On Bullshit – Zur Typologie des Verschwörungstheoretikers

Januar 2, 2013 13 Kommentare

 “Never tell a lie when you can bullshit your way through.”

Eric Ambler, Dirty Story (zitiert nach Frankfurt 2005)

1.

„One of the most salient features of our culture is that there is so much bullshit. “

So beginnt der amerikanische Philosoph Harry G. Frankfurt seinen Text „On Bullshit“ aus dem Jahr 2005. Frankfurt ist ein analytischer Philosoph in der Tradition Wittgensteins, dessen wesentlichste Arbeiten sich damit beschäftigen, was Wahrheit ist und wie sie durch korrekte Begriffe und authentische Sprechakte repräsentiert werden kann.
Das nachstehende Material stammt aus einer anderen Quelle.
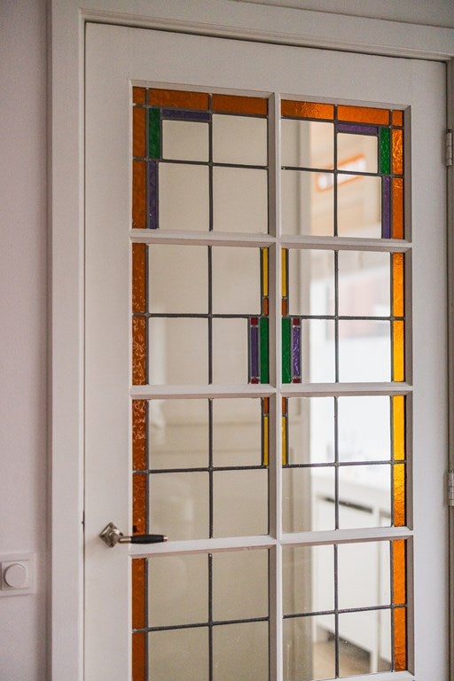 Through the entrance you enter the hallway, which leads to the bright living/dining room with open-plan kitchen. The space has a warm and characterful atmosphere thanks to the stained-glass doors and transom windows, combined with elegant decorative ceiling mouldings. This is the heart of the home: a wonderful place to live, dine and come together.

Wahrheit, wie sie analytische Philosophie versteht ist demnach ein System, das in erster Linie logisch korrekte Sprechakte möglich macht, die eindeutig als richtige oder falsche Aussagen identifiziert werden können. Analytische Philosophie kennt keine Ebene des Unbewussten, oder lehnt solche Begriffe unumwunden ab, und würde Phänomene, die sich philosophisch nicht unmittelbar in sprachlichen Operationen ausdrücken lassen, nicht als philosophischen Gegenstand anerkennen.  Die internen Grenzen solcher Auffassungen, wenn man sie mit der spekulativen Metaphysik der europäischen Tradition konfrontiert, sollen uns in diesem Beitrag nicht weiter beschäftigen. Frankfurts analytisch präzise Sprache kann uns jedoch dabei helfen, einem Phänomen beizukommen, das sich wie eine Seuche in den Kreisläufen unserer Kultur ausgebreitet hat: Verschwörungstheorien.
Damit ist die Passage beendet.